70th Anniversary of 'the little $6,000 that grew'


In February 2010, most of the world will not celebrate the 70th anniversary of the start of the Manhattan Project.

Nor should they.

But they should mark it, and pause to reflect on its continuing consequences for us here today.

For 1940 was truly an Annus Mirabillis , and only partly because it marked the start of the development of the world's biggest life-taker.

Because 1940 was also crucial in the development of the world's smallest life-saver .

And aren't these two things the Alpha and the Omega of a continuing human existence in this universe?

During that February almost seventy years ago, two lead investigators at Columbia University in Manhattan were given $6,000 in federal tax dollars to look into the possibility of developing an atomic 'boiler' - which is to say, given money to develop an engine, not a bomb.

But the money came from orders of the president himself and FDR knew the project, if fully successful, would lead to investigating the building of an atomic bomb, to be held in reserve against the possibility the Nazis were already trying to build - and use - one.

Seventy years on, the six thousand dollars has become, for the American taxpayers alone, six trillion dollars and counting.

Laying blame for the current American debt crisis ? February 1940 is as good a place as any to start - that six trillion dollars would sure erase a lot of America's public and private debt worries.

If the American nuclear bomb arsenal of today ever gets used in a shooting match, the cost in lives would be six billion plus - and probably no one left to do the counting.

The costs of this the best known of Manhattan's wartime projects, in terms of the tarnishing of America's image abroad, is impossible to calculate.

"THE BUCK STARTS HERE"
The desk of the president is famously thought of as the place where the sign reads "the buck stops here".

But this project was highly unusual, in that it can be more truly said of the Manhattan Project, that "the buck started here", right at the president's desk.

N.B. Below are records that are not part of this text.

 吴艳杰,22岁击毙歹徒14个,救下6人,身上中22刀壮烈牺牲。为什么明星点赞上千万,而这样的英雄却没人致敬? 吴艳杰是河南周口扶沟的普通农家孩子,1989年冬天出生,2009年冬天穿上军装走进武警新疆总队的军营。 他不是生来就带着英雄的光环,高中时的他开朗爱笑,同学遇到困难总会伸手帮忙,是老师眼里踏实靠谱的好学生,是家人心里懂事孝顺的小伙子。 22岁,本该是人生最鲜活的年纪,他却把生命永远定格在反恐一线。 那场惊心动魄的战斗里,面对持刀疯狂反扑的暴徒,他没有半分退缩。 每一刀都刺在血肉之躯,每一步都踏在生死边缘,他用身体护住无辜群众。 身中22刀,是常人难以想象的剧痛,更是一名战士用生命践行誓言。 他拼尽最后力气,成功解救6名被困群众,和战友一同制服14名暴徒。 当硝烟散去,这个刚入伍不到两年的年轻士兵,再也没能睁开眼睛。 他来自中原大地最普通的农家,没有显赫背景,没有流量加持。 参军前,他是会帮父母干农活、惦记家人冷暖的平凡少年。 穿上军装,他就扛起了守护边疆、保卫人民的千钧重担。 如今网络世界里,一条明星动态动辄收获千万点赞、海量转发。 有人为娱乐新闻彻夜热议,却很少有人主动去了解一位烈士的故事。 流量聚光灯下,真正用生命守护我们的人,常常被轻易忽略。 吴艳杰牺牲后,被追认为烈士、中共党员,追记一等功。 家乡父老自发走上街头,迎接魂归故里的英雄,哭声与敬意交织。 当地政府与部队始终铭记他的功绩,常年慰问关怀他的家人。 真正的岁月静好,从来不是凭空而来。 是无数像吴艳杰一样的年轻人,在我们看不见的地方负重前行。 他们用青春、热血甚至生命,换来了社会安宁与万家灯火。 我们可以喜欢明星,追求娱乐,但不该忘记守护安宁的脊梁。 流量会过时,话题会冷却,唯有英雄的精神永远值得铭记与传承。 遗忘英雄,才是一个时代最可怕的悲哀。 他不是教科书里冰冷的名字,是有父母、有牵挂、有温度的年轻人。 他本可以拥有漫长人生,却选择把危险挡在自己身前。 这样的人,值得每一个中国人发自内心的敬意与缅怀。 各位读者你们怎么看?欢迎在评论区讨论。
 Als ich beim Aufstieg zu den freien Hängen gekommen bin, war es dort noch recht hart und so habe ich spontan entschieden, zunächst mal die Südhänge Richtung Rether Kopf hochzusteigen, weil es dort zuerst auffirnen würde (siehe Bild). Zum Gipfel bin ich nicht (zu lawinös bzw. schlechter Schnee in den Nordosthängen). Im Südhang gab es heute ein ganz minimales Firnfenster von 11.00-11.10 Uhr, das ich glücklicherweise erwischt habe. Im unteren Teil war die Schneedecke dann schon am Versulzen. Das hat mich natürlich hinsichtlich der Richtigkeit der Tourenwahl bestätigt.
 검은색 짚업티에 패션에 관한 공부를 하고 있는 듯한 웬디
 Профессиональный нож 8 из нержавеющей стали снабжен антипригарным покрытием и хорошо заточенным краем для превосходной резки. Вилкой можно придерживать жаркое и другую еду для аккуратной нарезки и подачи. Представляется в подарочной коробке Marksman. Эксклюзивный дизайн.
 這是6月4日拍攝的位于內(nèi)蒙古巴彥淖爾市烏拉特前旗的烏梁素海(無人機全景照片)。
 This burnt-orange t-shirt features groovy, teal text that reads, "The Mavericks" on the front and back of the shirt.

As its political and financial father, FDR 'knew' about the start of the building of the world's biggest life-taker long before almost anyone else on the planet.

Not so with the start of the other Manhattan-based project , the one to finally start saving lives with the world's smallest life-saver, twelve years after its initial discovery.

FDR first learned of this life-saving substance at the exact same time that the rest of the world did , by opening his paper and reading a highly dramatic news story, one morning in mid-August 1943, almost three years after the life-saving project's obscure beginnings.

Perhaps the delay in the president learning of this life-saver is best explained by the fact that this project's lead investigator, also at Columbia University, never asked for any federal government grant or presidential 'seal of approval' - and in fact never sought a grant from anyone.

Still , his work never added a cent to the federal debt and his legacy continues to add lustre to the American image abroad.

Few people around the world, including those terrorists who harbor nothing but ill will towards Manhattan Island, do not have a family member or friend whose life was spared, thanks to the kick-starting efforts of this Manhattan Island life saver.

His project's 70th anniversary also comes up next year, in September 2010.

Perhaps this other Manhattan Project also needs a moment from us, to reflect on the changes it has brought into our world.

In this case, changes much for the better....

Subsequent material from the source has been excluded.